Provided records —

********************

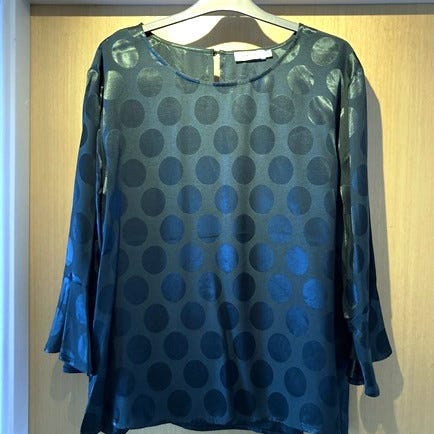 Flot og tidløs sort langærmet bluse fra MASAI med fine hvide prikker og løs, behagelig pasform. Modellen har rund halsudskæring og lange ærmer. Let og blød kvalitet, der falder flot på kroppen og er nem at style året rundt.
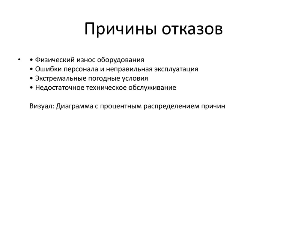 • Основные причины: износ оборудования, ошибки персонала, погодные
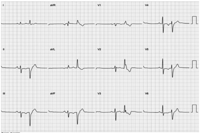 Рис. 1. ЭКГ в 12 отведениях. Вторые комплексы в каждом из отведений являются экстрасистолическими. Скорость записи 25 мм/с.
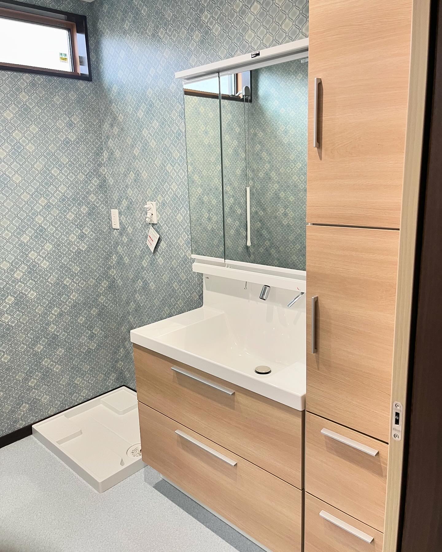 シンプルな洗面所にもおしゃれなクロスで存在感アップ✨
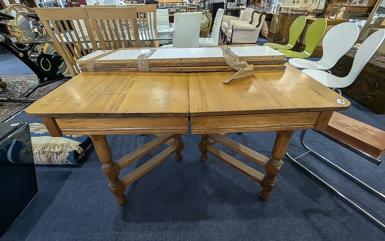 Extending Dining Table with two extra leaves, cross section supports.
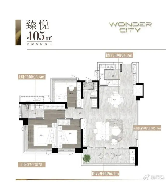 你可能不会想到,就连最小的户型,都能做出标配的约6.1米客厅开间(拓展后)、270°主套环幕景观飘窗、约3.6米主卧开间。
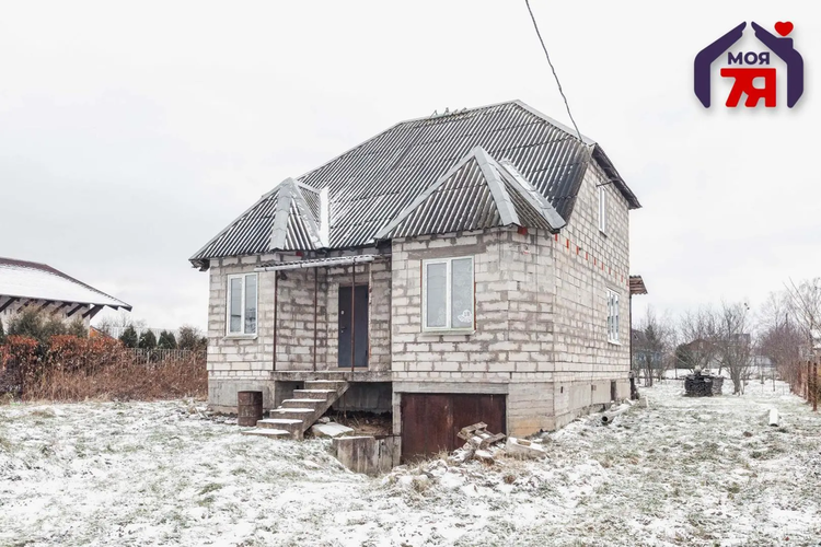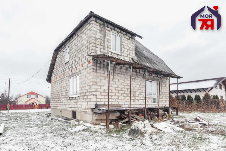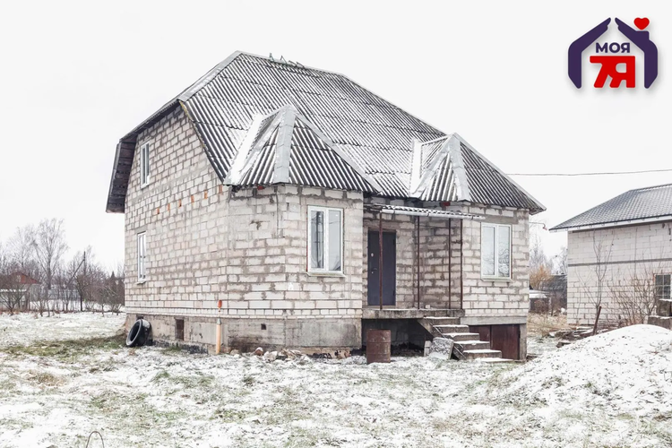 - Готовность к завершению строительства – внутри уже залита черновая стяжка, а также установлена лестница на второй этаж, что значительно упрощает дальнейшие строительные работы. Дом оснащён качественными стеклопакетами, а кровля покрыта шифером, что обеспечит надежную защиту от осадков и холода.
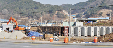 아파트 공사가 한창 진행되고 있는 청주 율량지구와 용정지구를 사이에 두고 건너편에서도 공사가 진행되고 있다.

********************

Task — Transcribe the records above exactly, omitting every picture they contain.

Task output —
 Flot og tidløs sort langærmet bluse fra MASAI med fine hvide prikker og løs, behagelig pasform. Modellen har rund halsudskæring og lange ærmer. Let og blød kvalitet, der falder flot på kroppen og er nem at style året rundt.
 • Основные причины: износ оборудования, ошибки персонала, погодные
 Рис. 1. ЭКГ в 12 отведениях. Вторые комплексы в каждом из отведений являются экстрасистолическими. Скорость записи 25 мм/с.
 シンプルな洗面所にもおしゃれなクロスで存在感アップ✨
 Extending Dining Table with two extra leaves, cross section supports.
 你可能不会想到,就连最小的户型,都能做出标配的约6.1米客厅开间(拓展后)、270°主套环幕景观飘窗、约3.6米主卧开间。
 - Готовность к завершению строительства – внутри уже залита черновая стяжка, а также установлена лестница на второй этаж, что значительно упрощает дальнейшие строительные работы. Дом оснащён качественными стеклопакетами, а кровля покрыта шифером, что обеспечит надежную защиту от осадков и холода.
 아파트 공사가 한창 진행되고 있는 청주 율량지구와 용정지구를 사이에 두고 건너편에서도 공사가 진행되고 있다.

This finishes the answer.